News: Centro Dragão do Mar anuncia nova gestão para Museu de Arte Contemporânea

Cecília Bedê, Paulo Linhares, Nathalia Sobral e Natasha Faria2

O Centro Dragão do Mar de Arte e Cultura, instituição ligada à Secretaria da Cultura do Estado do Ceará, gerida pelo Instituto Dragão do Mar, anuncia a curadora e pesquisadora Cecília Bedê como nova gestora do Museu de Arte Contemporânea. Recentemente fechado para reforma, o museu passará por reestruturação interna, com previsão de reabertura ainda neste primeiro semestre.

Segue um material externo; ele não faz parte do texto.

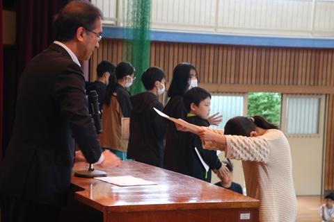 はじめに4年生から6年生までの学級代表に校長先生から任命証が渡され、それぞれ学級をどのようにしていきたいか抱負を発表しました。
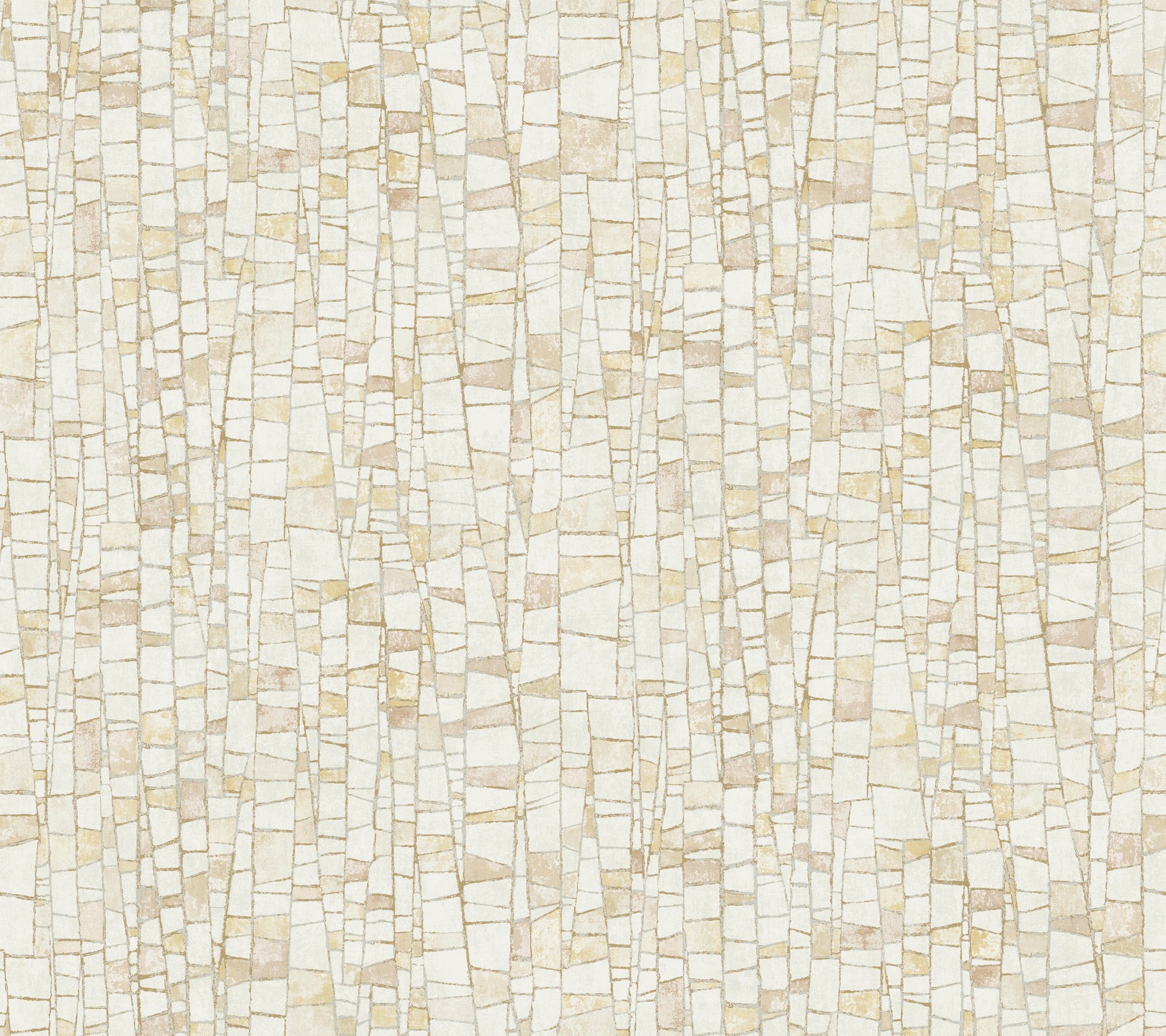 Use:The mosaic-like tiling of design Kaleidoscopic strikes the perfect balance of rustic and refined, featuring a variety of ochre, terracotta, and cream accented by metallic gold highlights. This Kaleidoscopic Wallpaper measures approximately 27 inches wide by 27 feet long, measuring approximately 60.8 square feet per roll. Textural, organic forms grounded in earthly inspiration.
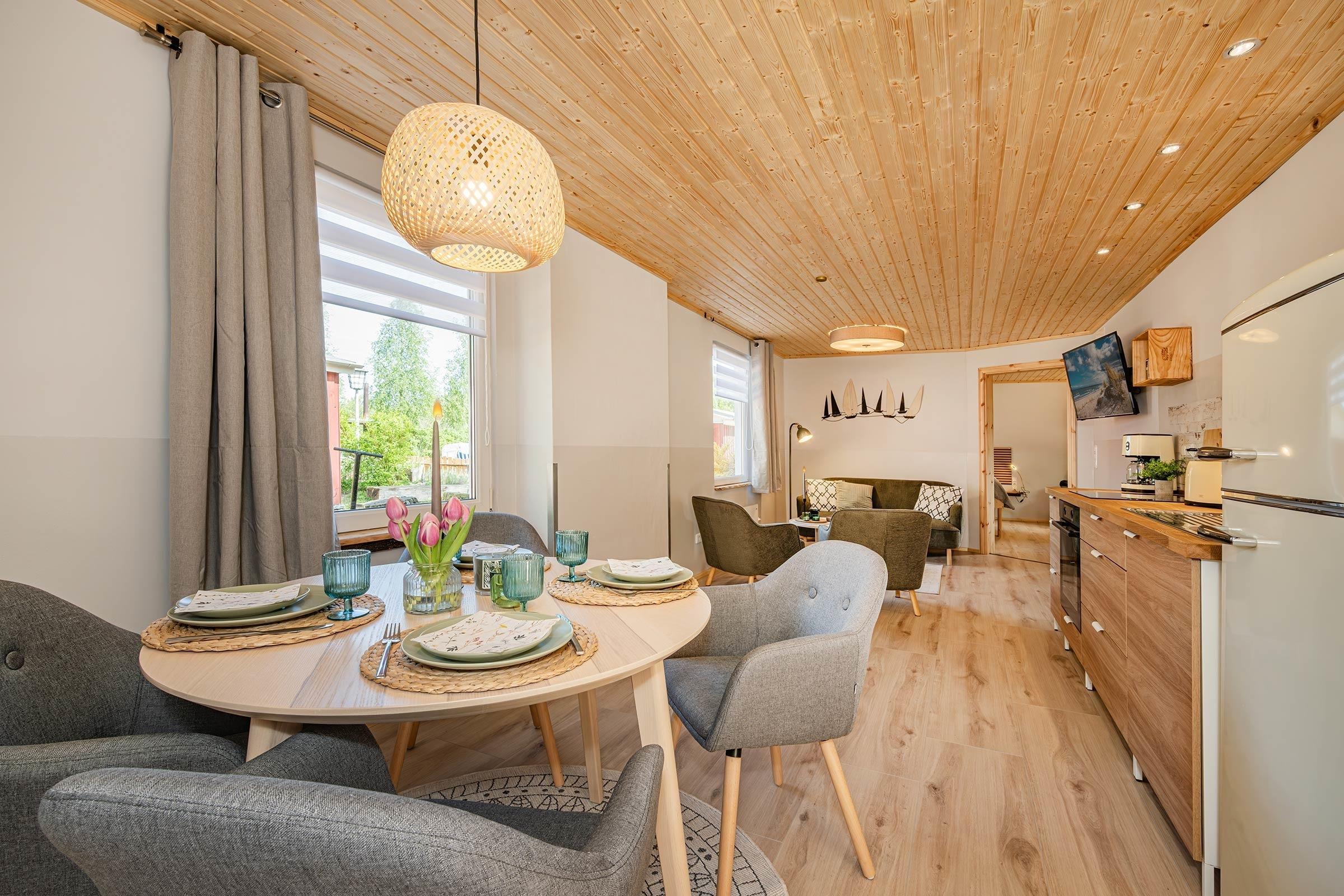 Das Ferienhaus Strandläufer befindet sich inmitten des wunderschönen Naturcampingplatzes in Ückeritz, eingebettet zwischen dem feinen Sandstrand und den einmaligen Buchenwäldern. Abseits des Trubels der Insel lässt es sich hier für bis zu 4 Personen auf 84m2 Wohnfläche herrlich entspannen. Ein zentral kombinierter Wohn-Küchenbereich mit gemütlichen Sitzmöglichkeiten laden zum gemeinsamen Kochen und Verweilen ein. An kalten Tagen zünden Sie den Kamin an. Das Ferienhaus verfügt über 2 großzügige Schlafzimmer, mit jeweils einer gemütlichen Leseecke. Ihr Reisegepäck bringen sie in den selbstgebauten offenen Kleiderablagen aus Echtholz bequem unter. Im Ferienhaus stehen ihnen 2 Badezimmer zur Verfügung, eins geht direkt vom 2. Schlafzimmer ab.. Auf der großzügigen Terrasse mit rustikalen Holzmöbeln und einem eigenen Strandkorb. lässt es sich herrlich entspannen. Auch das Grillen am Haus ist möglich.
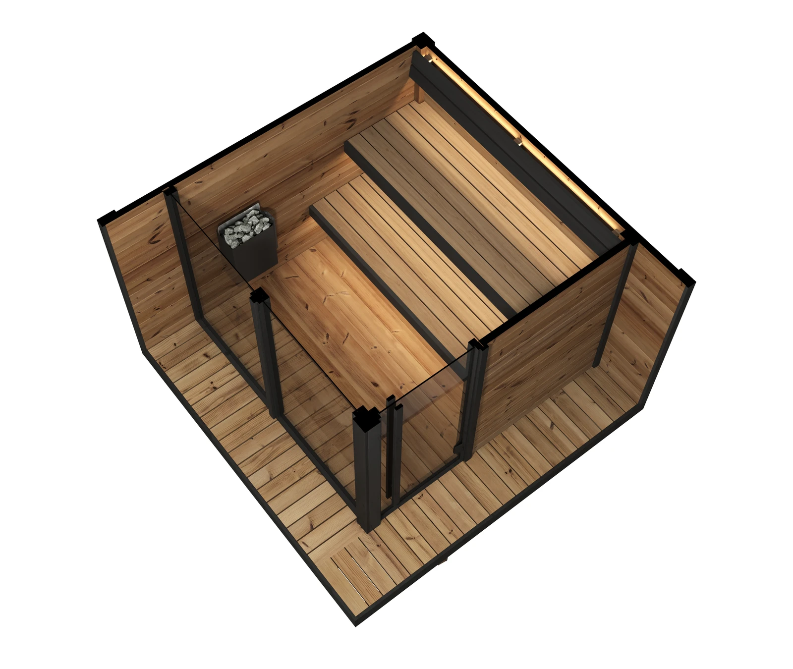 The Hiki sauna’s integrated ambient lighting creates a warm, soothing glow that enhances both relaxation and atmosphere. Soft LED strips are discreetly placed behind the benches, highlighting the natural texture of the Thermowood and adding depth to the interior. This subtle illumination mimics the calming warmth of a sunset, allowing you to unwind in a tranquil, spa-like environment.
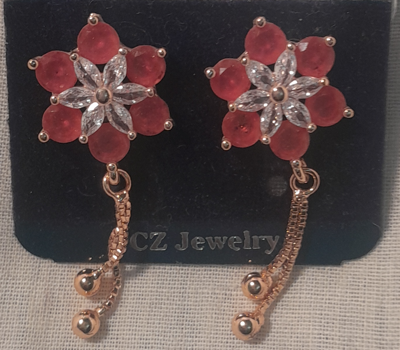 Vibrant floral drop earrings featuring red petal stones encircling a marquise-cut, finished with twin chain tassels tipped with gold-tone beads. Playful movement and standout color—perfect for festive outfits, parties, and gifting.
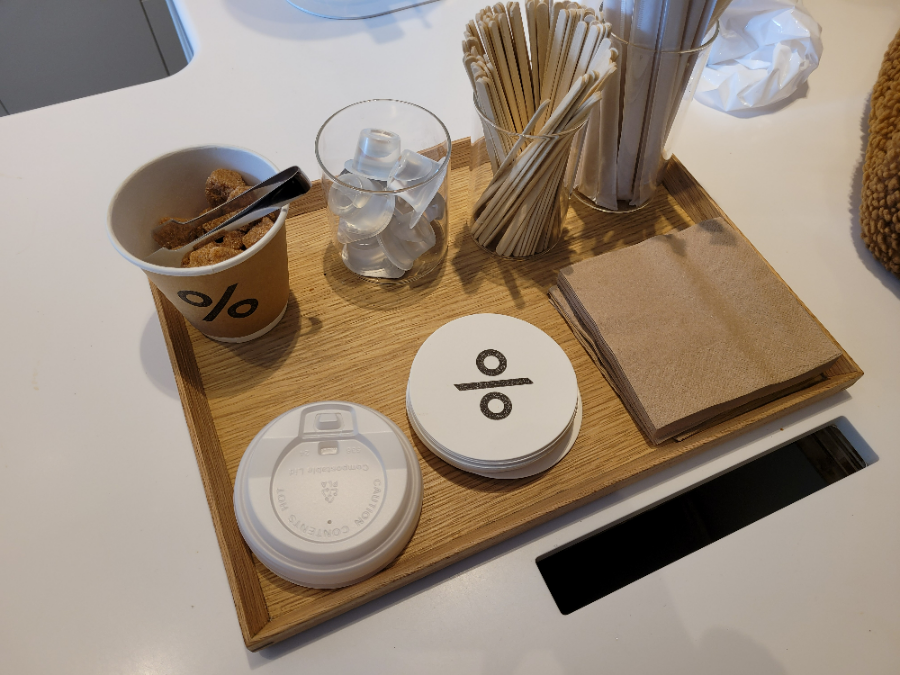 음료가 나오는 공간에는 시럽, 각설탕, 우드스틱 등도 준비되어 있어요.
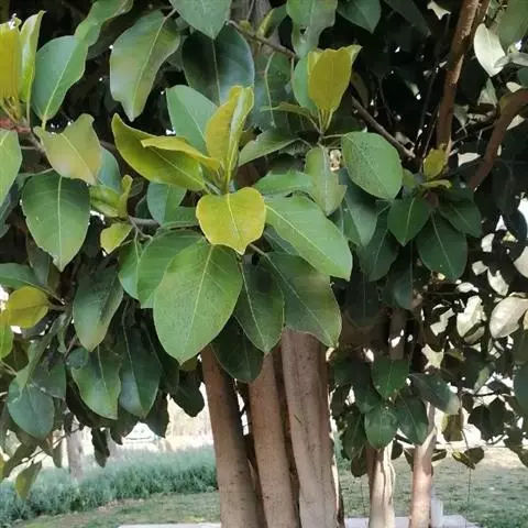 印度榕,别名橡皮树,桑科榕属多年生常绿乔木植物。株高30米;树皮灰白色,平滑;叶厚革质,…
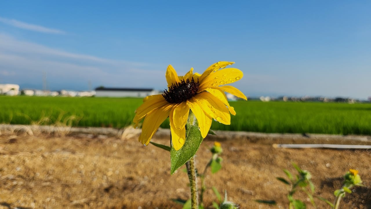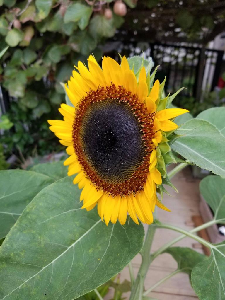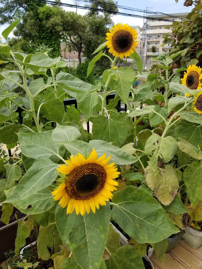前にヒマワリが咲いたら
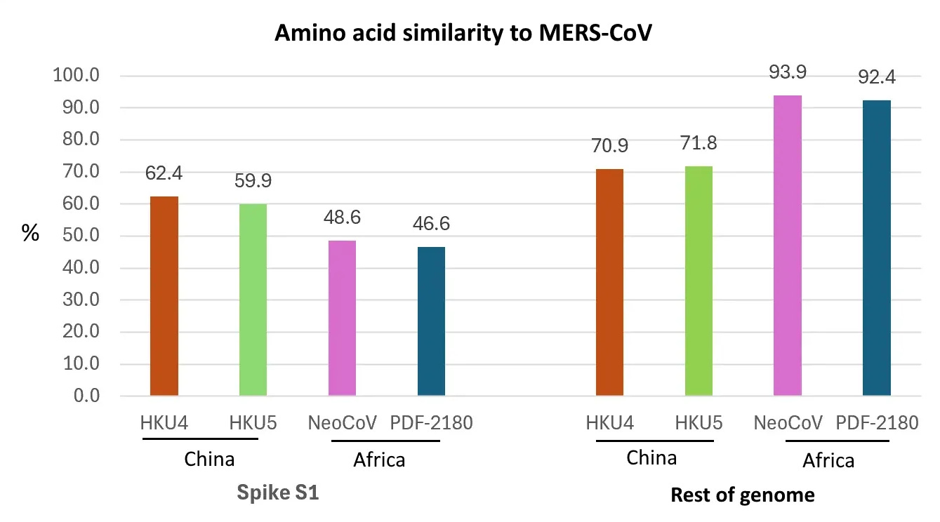 But the all-important S1 domain of MERS spike is quite divergent from NeoCov, being only 45% similar in amino acid sequence. Interestingly, the Chinese viruses HKU4 and HKU5 are more similar in S1 than NeoCov, each have around 60% amino acids the same as MERS. But that is still too distant to be regarded as a pre-cursor.
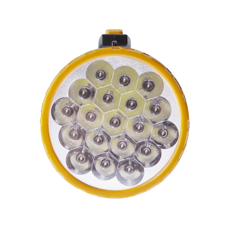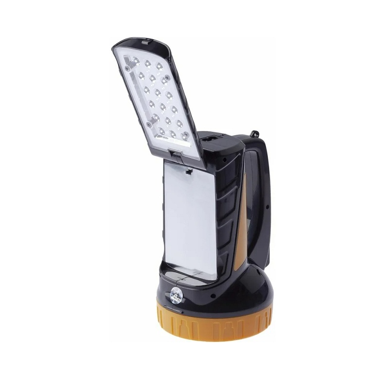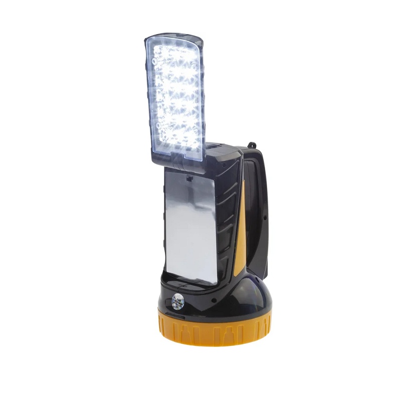Предназначен для освещения затемненного пространства. Фонарь оснащен 37 светодиодами: 19 LED расположены в торце (режим прожектора), 18 LED — во встроенном в корпус светильнике (режим кемпинга). Складная подвижная конструкция позволяет индивидуально настроить освещение. Фонарь имеет встроенный аккумулятор, время непрерывной работы составляет 9 часов. Зарядное устройство входит в комплект. Корпус из ударопрочного пластика, Эргономичная ручка хорошо лежит в руке. В комплекте предусмотрен ремешок, который можно закрепить на крючки в корпусе.
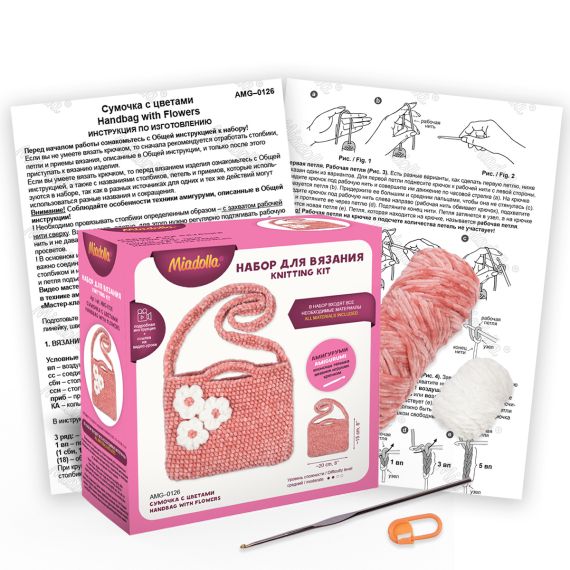 В набор входят все необходимые материалы для изготовления сумочки: велюровая пряжа , крючок для вязания 4 мм, маркировочное кольцо, пластиковая игла, подробная инструкция с картинками.
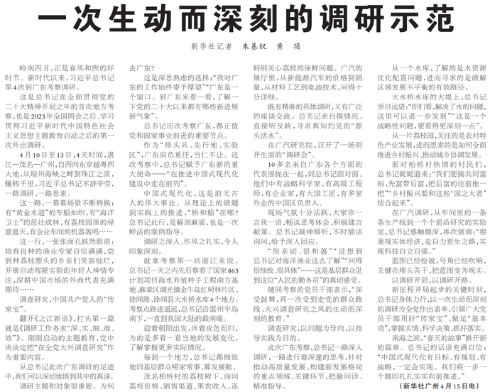 岭南四月,正是春风和煦的好时节。新时代以来,习近平总书记第4次到广东考察调研。(今日《人民日报》1版)

Nesta terça-feira (3), o presidente do Instituto Dragão do Mar, Paulo Linhares, e as gestoras do Dragão Natasha Faria, superintendente, e Nathalia Sobral, gestora administrativa e financeira, estiveram reunidos com a nova gerente do MAC, para discussão e alinhamento das diretrizes que nortearão um novo projeto para o equipamento.

“Cecília apresenta um pensamento muito maduro sobre um novo olhar que precisa ser lançado para o MAC e a sua formação e sua bagagem profissional nos dão a segurança de que estamos no rumo certo”, afirma Faria. Cecília Bedê é curadora e pesquisadora em Artes Visuais, mestre em Comunicação e Semiótica, na linha de pesquisa Processos de Criação nas mídias, e especialista em Arte, Crítica e Curadoria pela PUC/SP. Graduada em Artes Visuais pela FGF/CE, tem experiências profissionais nas áreas da arte-educação, gerenciamento de acervos, produção, curadoria de exposições e no campo editorial das artes visuais.

Cecília Bedê diz que, apesar das expectativas que sabe existirem em torno de uma nova gestão, é preciso ter cautela ao anunciar os próximos passos. “A reforma física é importante, mas este é, sobretudo, o momento de rever o projeto museológico, analisar o histórico de atuação, reestruturar o acervo e investir em pesquisa sobre ele, além de estreitar o diálogo com as classes artísticas e com outras instituições e consolidar o espaço como lugar de experimentação da produção. Somente fortalecendo as bases do Museu, poderemos apresentar uma proposta sólida, alinhada com as políticas culturais do estado e com os anseios dos artistas cearenses”, afirma. Para Cecília, o MAC sempre teve um papel fundamental na formação artística local, por isso, ela entende que, para além das exposições, as ações de formação serão importantes caminhos para mapear a produção artística do Ceará e as pautas mais urgentes, bem como para promover um espaço de diálogo entre diferentes gerações e fortalecer a transversalidade entre as linguagens artísticas.